Raw data:
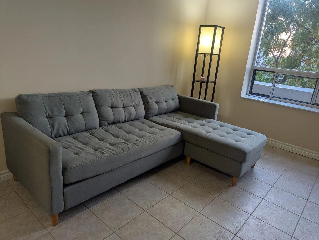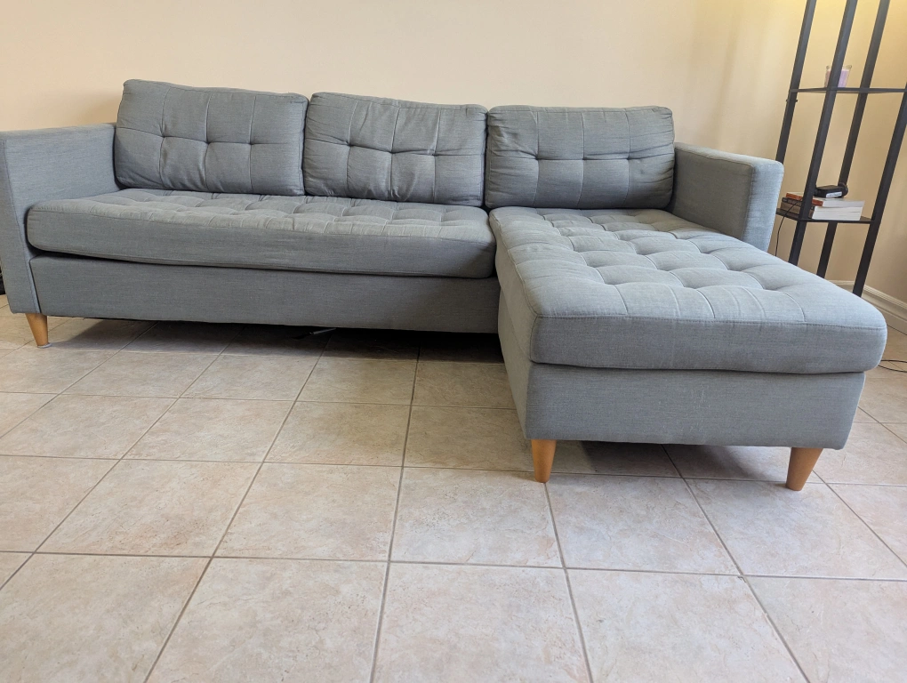 Selling a comfy grey sectional sofa with an ottoman. It's in great condition and would be a perfect addition to any living room! The sectional design allows for flexible arrangement, and the ottoman provides extra seating or a place to kick up your feet after a long day
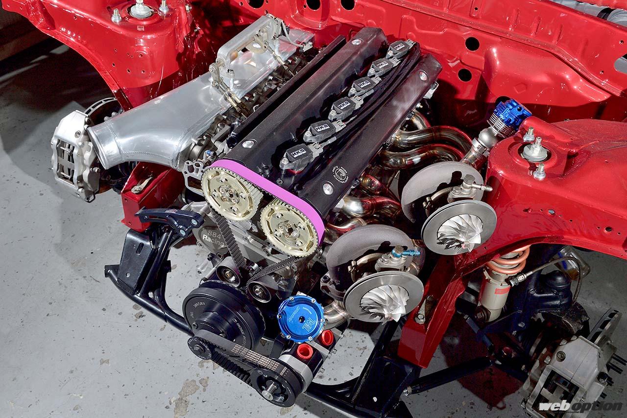 純正の鋳鉄製ブロックと比べて大幅な軽量化を実現しつつ、鍛造のアルミビレットを削り出して製作するため強度も純正以上。このブロックにHKSの2.8LキャパシティアップグレードキットやIN/EX:300度のハイカム、CPキャリロ製コンロッドを組み合わせて究極的な2.8L仕様を作り上げた。
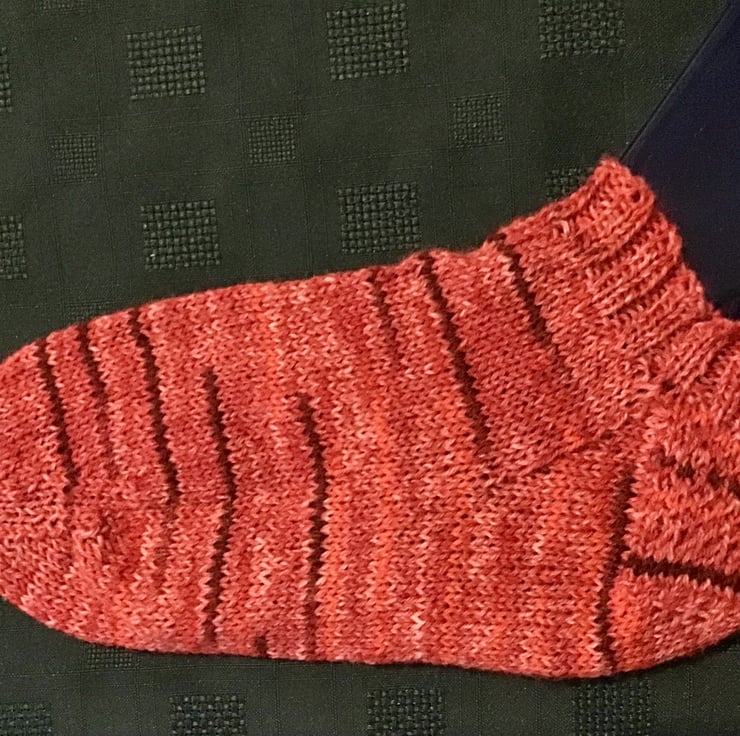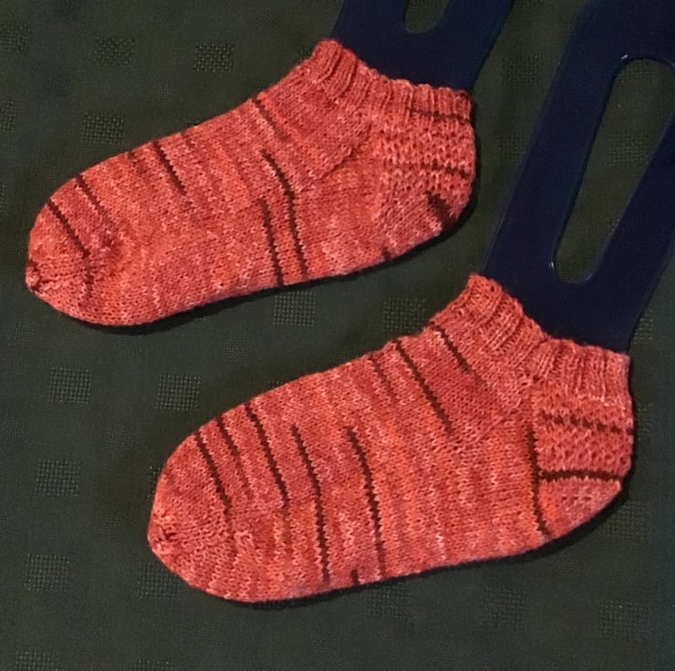 Hand knit socks. Red denim marl. Short no show length. Trainer socks. 75% wool, 25% nylon. Size uk ladies 5 to 6. Hand made in Lancashire uk from wool. Not machine knit.
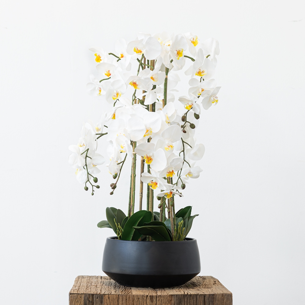 Elegante arreglo de orquídeas blancas en maceta negra, ideal para dar un toque sofisticado a cualquier espacio.

What you have to do:
Everything from the line holding "純正の鋳鉄製ブロックと比べて" through the last line of the listing should be written out exactly, except for the pictures.

Solution for this exercise:
 純正の鋳鉄製ブロックと比べて大幅な軽量化を実現しつつ、鍛造のアルミビレットを削り出して製作するため強度も純正以上。このブロックにHKSの2.8LキャパシティアップグレードキットやIN/EX:300度のハイカム、CPキャリロ製コンロッドを組み合わせて究極的な2.8L仕様を作り上げた。
 Hand knit socks. Red denim marl. Short no show length. Trainer socks. 75% wool, 25% nylon. Size uk ladies 5 to 6. Hand made in Lancashire uk from wool. Not machine knit.
 Elegante arreglo de orquídeas blancas en maceta negra, ideal para dar un toque sofisticado a cualquier espacio.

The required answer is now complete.